Внезапно туман в каждой ячейке сфокусировался в звериноподобную морду, как недавно, словно облитую горячей пластмассой, и все сто девяносто тысяч девятьсот девяносто девять голов повернулись к ним лицом, беззвучно разинули пасти, показав длинные влажные клыки.

— История не любит таких вот вершителей судеб, — внезапно сказал Ларди и усмехнулся. — Она постоянно натравливала таких людей друг на друга и заставляла им верить и поклоняться. Она могла сделать что угодно: поднять восстание, сделать революцию, запустить в небо космический аппарат, но оказалась бессильна перед единственным человеком, которого не на кого натравить, которому некому поклоняться, некому верить.

Михаилу это все не нравилось. Надо было остаться там, наверху. И нам нравилось то, что Ларди Тоду говорил в прошедшем времени.

— Надеюсь, меня не осудят, — произнес Ларди и выстрелил.

Огненно-желтая струя упала на стекло ячеек, разлилась, собралась в шарики клокочущей смеси, как ртуть, и стекло под огромной температурой стало прогибаться, вспучиваться, сминаясь в складки. Теняки в матрицах заметались, бешено вращаясь по стенкам ячейки. Шарики жидкого огня перекатывались в ямках, медленно прожигая прозрачный материал, и истаивали. Скоро вся смесь выгорела. Прозрачный верх матриц, полурасплавленный, с шипением остывал и дымился.

— Надеюсь, я делаю правильно, — сказал Ларди. — Хоть раз в жизни и приму самостоятельное решение. Без указки.
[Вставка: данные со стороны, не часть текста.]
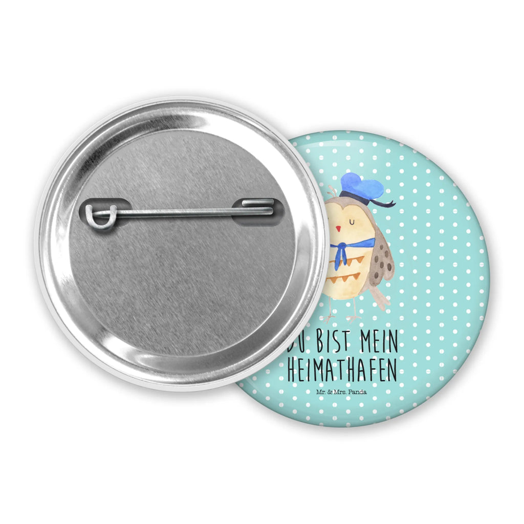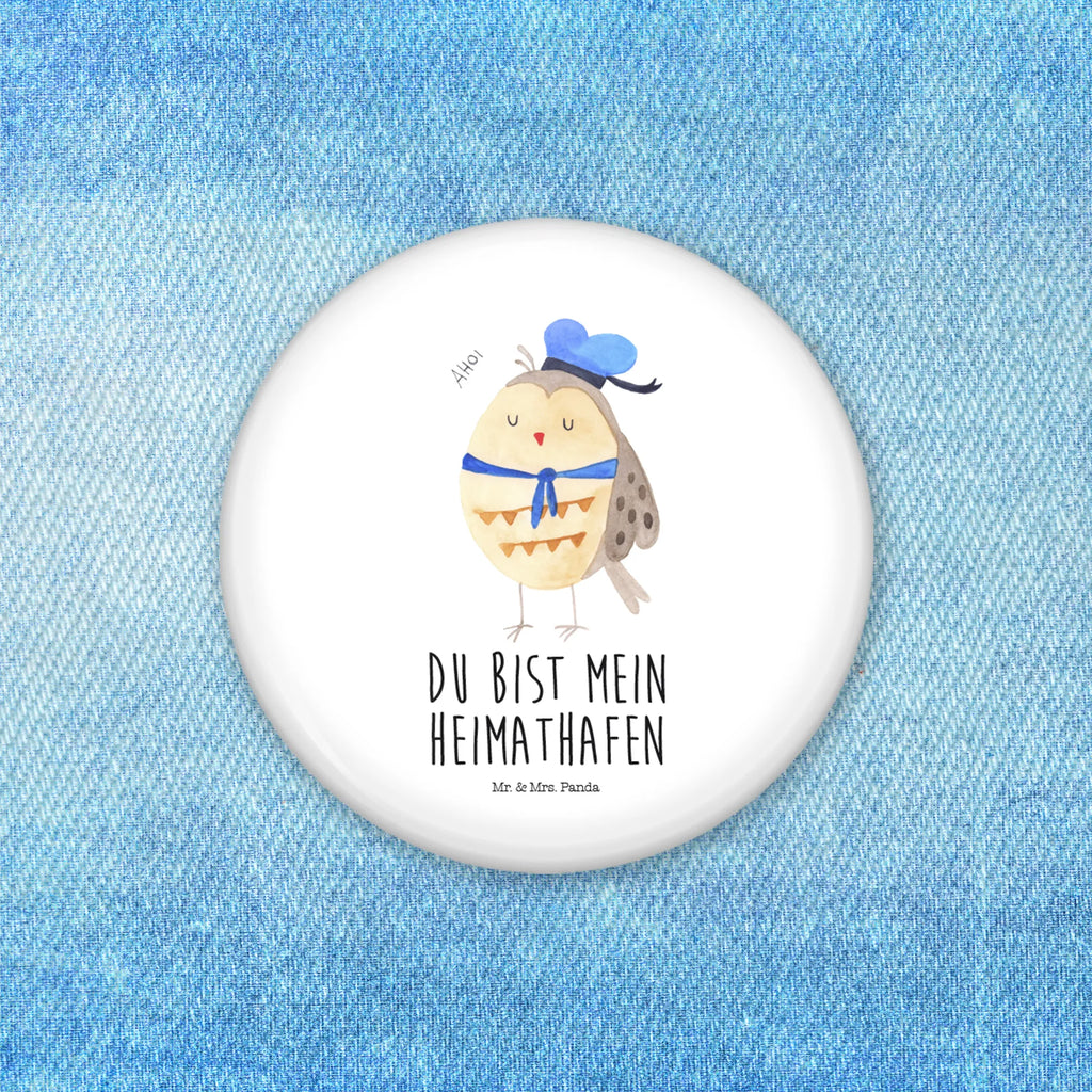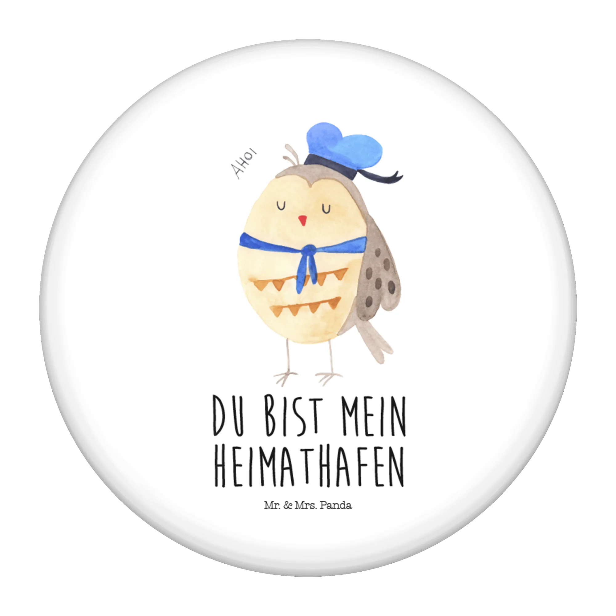 Bist du auf der Suche nach dem perfekten Geschenk für deine Freundin oder für den Ehepartner? Dann ist der 50mm Button "Eule Matrosen" aus der beliebten Eulen-Kollektion von Mr. & Mrs. Panda genau das Richtige! Mit dem liebevoll gestalteten Motiv einer süßen Eule im Matrosenhut ist dieser Anstecker nicht nur ein toller Hingucker, sondern bringt auch jede Menge Freude. Der Slogan "Du bist mein Heimathafen" macht diesen Button zu einem ganz besonderen und persönlichen Geschenk, das zu besonderen Anlässen wie dem Hochzeitstag oder für einen romantischen Abend perfekt passt. Ob für eine Seemannsliebe oder einfach, um jemandem zu zeigen, wie wichtig er dir ist, dieser Button spricht von Herzen.
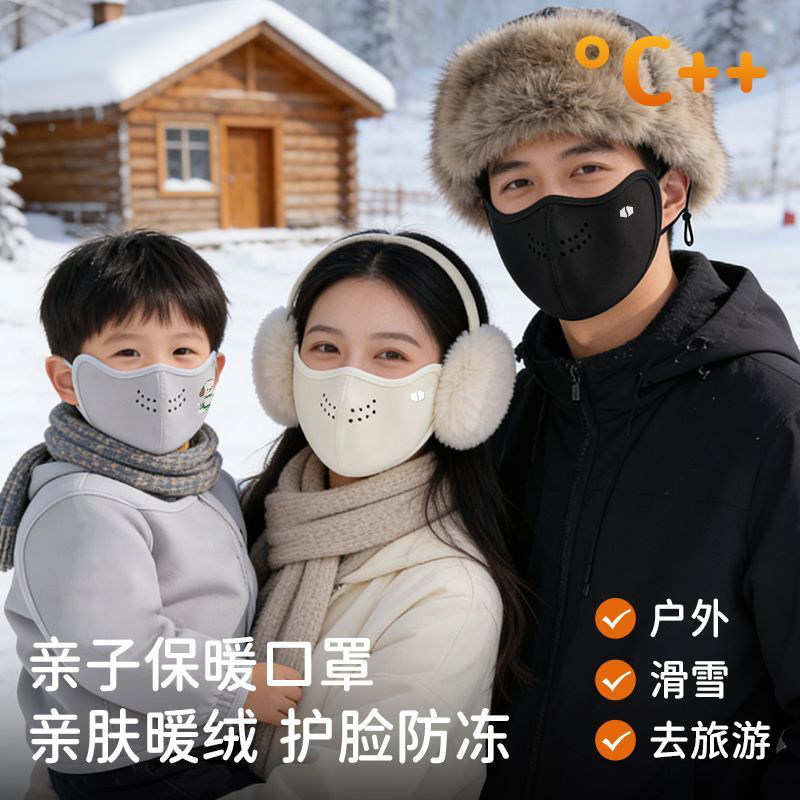 保暖口罩冬季男女成人儿童2025新加绒立体透气防风防寒东北防冻脸
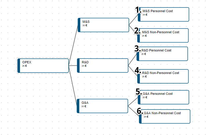 Operative Expensive (OPEX) are in our case modeled as the sum of the three nodes: "M&S", "R&D" and "G&A": (Marketing & Sales, Research and Development, General & Administrative)

Второй залп, похожий на раскаленный жидкий газ, брызгаясь, упал на матрицы, прозрачный верх не выдержал, и смесь вместе с жидкой уже прозрачной частью потекла внутрь ячеек. Освобожденные теняки метались по залу, неестественно быстро и необычно вытягивая голову, меняя форму тела и сокращаясь, жуткие клыкастые пасти тянулись к Михаилу, прижимались к невидимому силовому барьеру, они дергались, беззвучно стонали и кричали, сгорая в огненном желто-оранжевом море огня, гнева, ненависти, злости.
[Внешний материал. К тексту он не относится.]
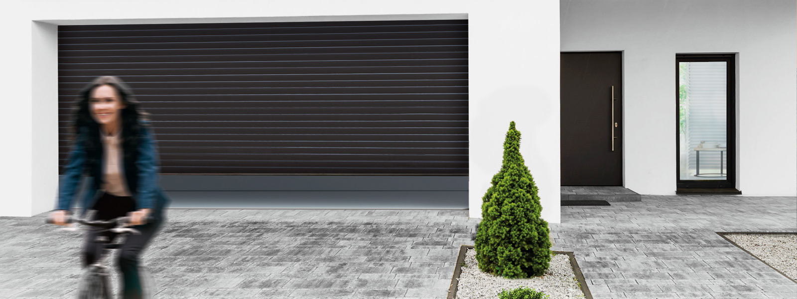 Roller garage doors are made of high-quality aluminium slats and are manufactured according to the roller shutter principle. The individual slats roll into the roller shutter box in a space-saving manner, similar to the window roller blinds used at home. The vertical tracks are fitted with brush seals, which ensure low-wear door guidance!
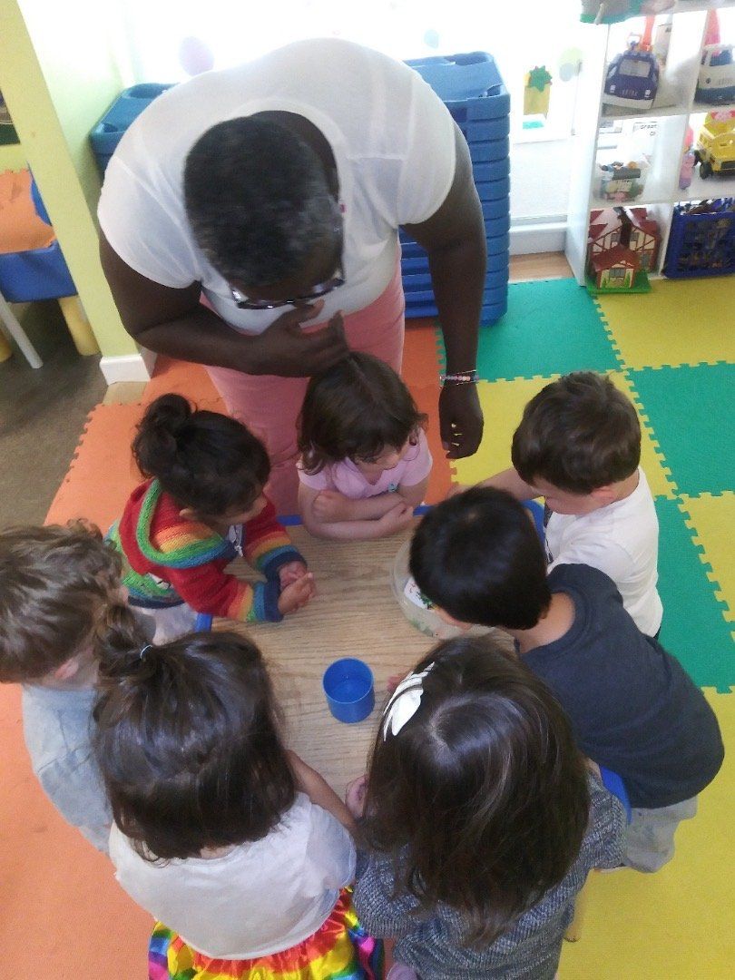 Math concepts and letter sounds are introduced in games, art, and activities while still emphasizing learning through play. This is also a time for forming friendships, learning about problem solving, and developing self-help skills. When age ready, this group also participates in the Heggerty Phonemic Awareness curriculum, a fast paced, fun program that introduces the building blocks for literacy.
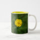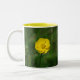 Esta taza ofrece un solo ranúnculo brillante, alegre, amarillo, ranúnculo, flor contra un fondo verde veraniego. El ranúnculo se asocia simbólicamente a menudo a cheerfulness, a encanto, a infantilismo y a riquezas.

Зрелище было ужасное. Михаил попятился назад, уперся спиной о стену, споткнулся о что-то большое и мягкое, упал на это мягкое. В зале бушевал раскаленный ад, сотнями сгорали теняки, с щелчком втягивались в точку и рассыпались искрами. Михаил встал, схватил бесчувственного Ларди Тоду за отвороты плаща, встряхнул и проорал что-то про то, что надо идти, иначе защита не выдержит и они сгорят заживо. Ларди с грязным от копоти лицом тяжело и хрипло дышал, и силы хватило только на то, чтобы согласно кивнуть. Они с трудом поднялись по низкой тюремной лесенке, закрыли толстую дверь и грохнули засовом.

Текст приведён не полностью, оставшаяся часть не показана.